[PROVIDED DATA — start]

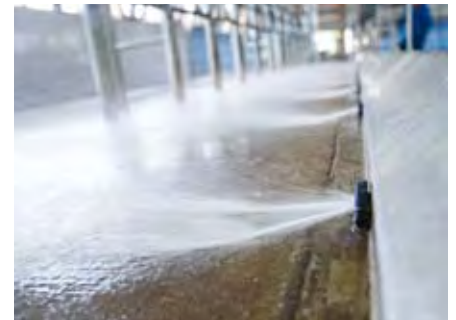
Deckflush nozzles zorgen voor een schone werkruimte
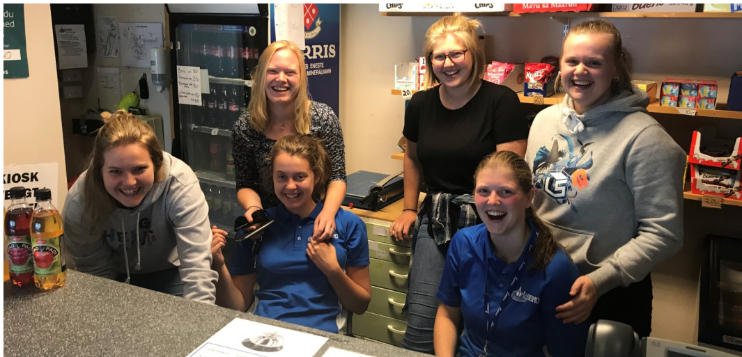
Nokre av årets fantastiske sommarvikarar!

Turistar er som folk flest. Du har dei som ikkje har bestemt seg for kor dei skal sove før klokka er 02.00, og du som har vakt vaknar litt forfjamsa av vakttelefonen som ringer og må hive på deg klede i full fart for å sørge for at våre venner får nokre timar på puta. Du har guiden som må ty til google translate for at du skal forstå at nokon i reisefølget har bursdag, og du må fikse «anything extra, just anything». Du har dei skjønne norske femåringane, som skal ha den «samme isen som istad» og blir litt skuffa fordi du ikkje hugsar kva is dei kjøpte sist gong dei var i kiosken. Du har dei som er litt for raske ut dørene, og gløymer både sko og bilnøklar og kva som helst i grunn. Det er utruleg kva folk kan gløyme. Du har dei som muligens kanskje burde tatt eit engelskkurs. Du har den takknemlige gjengen, som gjerne blir ei natt eller tre fordi dei har komme til «paradis».

[PROVIDED DATA — finish]

*WHAT IS NEEDED*
Copy only what lies between the start of the listing above and the line containing "Nokre av årets fantastiske sommarvikarar!", inclusive of both ends, exactly as written, and drop the pictures.

*EXERCISE RESULT*
Deckflush nozzles zorgen voor een schone werkruimte
Nokre av årets fantastiske sommarvikarar!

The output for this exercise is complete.